[Recorded data]
+--
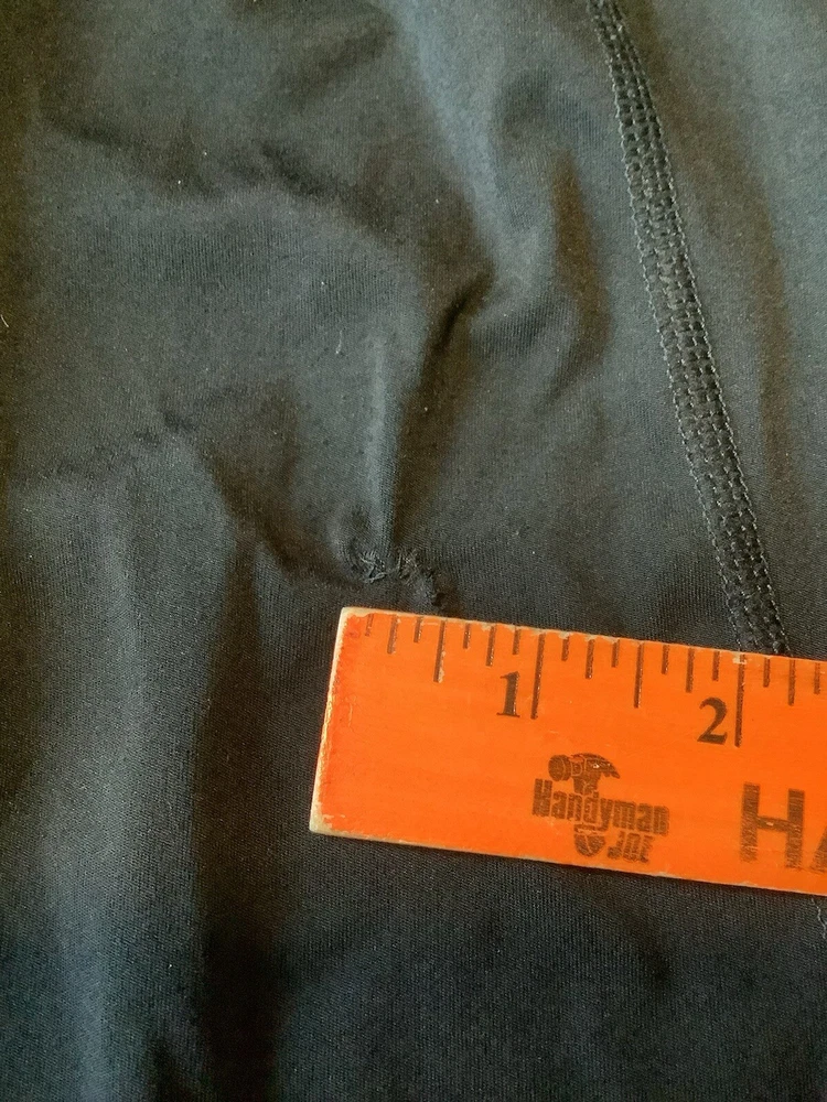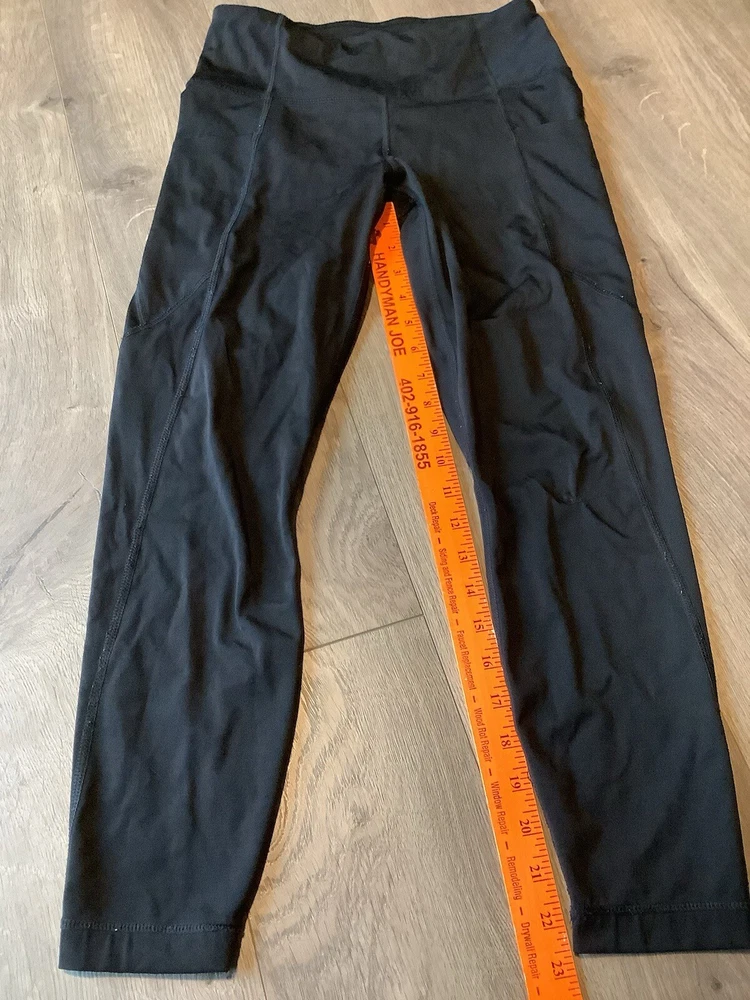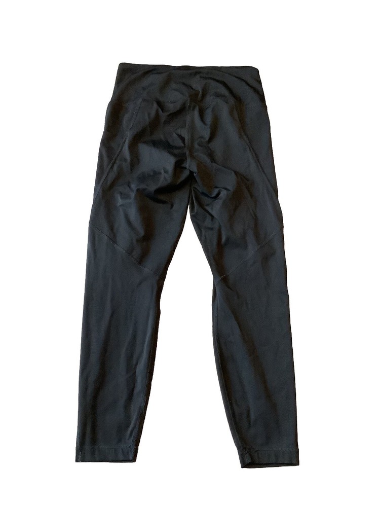 Elevate your activewear game with these Members Mark Women's Black Everyday Athletic Ankle Leggings. Designed with comfort, stretch, and breathability in mind, these leggings are perfect for all your favorite activities, from running to yoga. The elastic waistband and tapered leg style provide a flattering fit, while the media pocket and easy care features add convenience. Made from a blend of nylon and spandex, these leggings are machine washable and have a solid pattern with a black color. They are suitable for travel, casual wear, and activewear, making them a versatile addition to your wardrobe. With a size of M and a waist size of 24 inches, these leggings are perfect for everyday use. I did stitch a hole in the left knee - see photo- otherwise the leggings are in good condition. Pet free and smoke free household
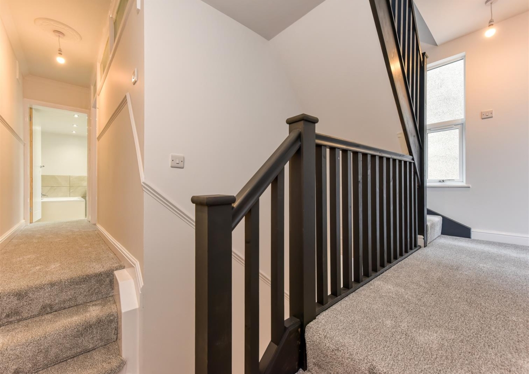 This is a period end of terraced property arranged over three floors and benefitting from an extensive and stylish refurbishment. There is a gated driveway providing off road parking to the front and a large rear garden. The internal accommodation briefly comprises living room, dining room and modern kitchen. To the first floor there are two double bedrooms and a family bathroom. To the second floor there are two further double bedrooms and a bathroom. There is a cellar and an external WC. The property benefits from central heating, double glazing and no upward chain.
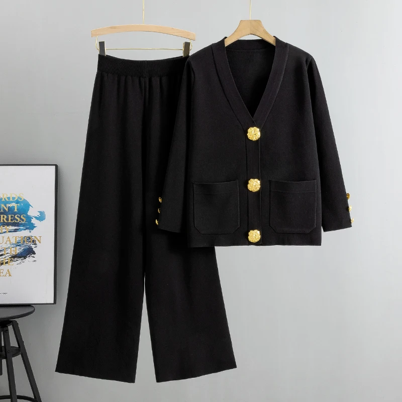 Elegant V-neck Long Sleeve Sweater Cardigan +wide Leg Pants 2 Piece Sets Womens Spring Solid Color Casual Sweatshirts
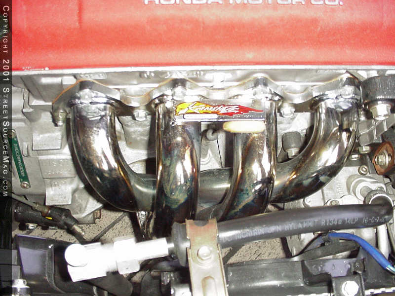 With the additions of adjustable cam gears Ryan would be able to help tune the engine for max power out of his Jackson Racing supercharger, which provides up to 8 PSI. With the help of Jesse Munoz installing the supercharger, the correct tuning for ultimate power was brought forth.  Now to help the engine breath, the choice was to bolt up a Kamikaze header, along with a Tanabe R Medallion stainless steel exhaust and muffler.
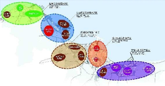 根据对烟台空港经济区腹地产业分析及其重点产业的选择,并结合现有产业情况,参考国际空港新城的开发经验及烟台空港的现实条件及需求,在核心区范围内,以空港为核心,划分六个产业片区。
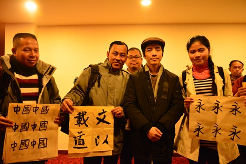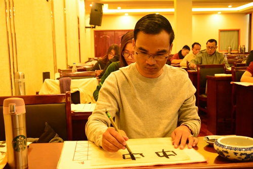 随后,来自艺术学院的王祖刚老师给大家上了一课精彩的书法课。王老师先是给大家介绍了一下中国书法的演变和发展,再示范了正确的握笔姿势之后,王老师开始教授大家学习写“永”字。通过对“永”字八法的练习,大家初步了解了书法的握笔和书写方式,并进一步学习书写“中国”、“文以载道”等汉字。来自柬埔寨暹粒省外事及投资办公室主任欧文提说:“很高兴我有学习中国书法的机会,今天学会了好几个字,从中感悟到中国传统书法文化的深厚内涵。希望以后能够学会写更多的中国汉字。”课程结束后,大家纷纷展示自己的优秀作品,和老师合影留念。
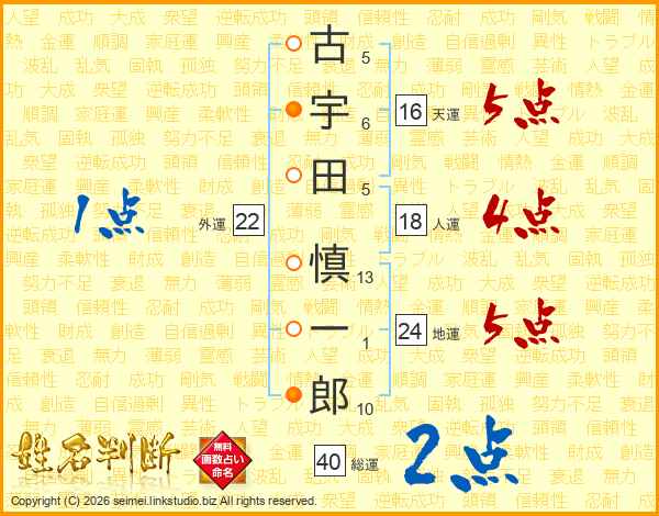 古宇田慎一郎さんの総運は40画の2点!
+--
TASK PROMPT
Write out each entry exactly, images excluded.

RESPONSE BELOW
 Elevate your activewear game with these Members Mark Women's Black Everyday Athletic Ankle Leggings. Designed with comfort, stretch, and breathability in mind, these leggings are perfect for all your favorite activities, from running to yoga. The elastic waistband and tapered leg style provide a flattering fit, while the media pocket and easy care features add convenience. Made from a blend of nylon and spandex, these leggings are machine washable and have a solid pattern with a black color. They are suitable for travel, casual wear, and activewear, making them a versatile addition to your wardrobe. With a size of M and a waist size of 24 inches, these leggings are perfect for everyday use. I did stitch a hole in the left knee - see photo- otherwise the leggings are in good condition. Pet free and smoke free household
 This is a period end of terraced property arranged over three floors and benefitting from an extensive and stylish refurbishment. There is a gated driveway providing off road parking to the front and a large rear garden. The internal accommodation briefly comprises living room, dining room and modern kitchen. To the first floor there are two double bedrooms and a family bathroom. To the second floor there are two further double bedrooms and a bathroom. There is a cellar and an external WC. The property benefits from central heating, double glazing and no upward chain.
 Elegant V-neck Long Sleeve Sweater Cardigan +wide Leg Pants 2 Piece Sets Womens Spring Solid Color Casual Sweatshirts
 With the additions of adjustable cam gears Ryan would be able to help tune the engine for max power out of his Jackson Racing supercharger, which provides up to 8 PSI. With the help of Jesse Munoz installing the supercharger, the correct tuning for ultimate power was brought forth.  Now to help the engine breath, the choice was to bolt up a Kamikaze header, along with a Tanabe R Medallion stainless steel exhaust and muffler.
 根据对烟台空港经济区腹地产业分析及其重点产业的选择,并结合现有产业情况,参考国际空港新城的开发经验及烟台空港的现实条件及需求,在核心区范围内,以空港为核心,划分六个产业片区。
 随后,来自艺术学院的王祖刚老师给大家上了一课精彩的书法课。王老师先是给大家介绍了一下中国书法的演变和发展,再示范了正确的握笔姿势之后,王老师开始教授大家学习写“永”字。通过对“永”字八法的练习,大家初步了解了书法的握笔和书写方式,并进一步学习书写“中国”、“文以载道”等汉字。来自柬埔寨暹粒省外事及投资办公室主任欧文提说:“很高兴我有学习中国书法的机会,今天学会了好几个字,从中感悟到中国传统书法文化的深厚内涵。希望以后能够学会写更多的中国汉字。”课程结束后,大家纷纷展示自己的优秀作品,和老师合影留念。
 古宇田慎一郎さんの総運は40画の2点!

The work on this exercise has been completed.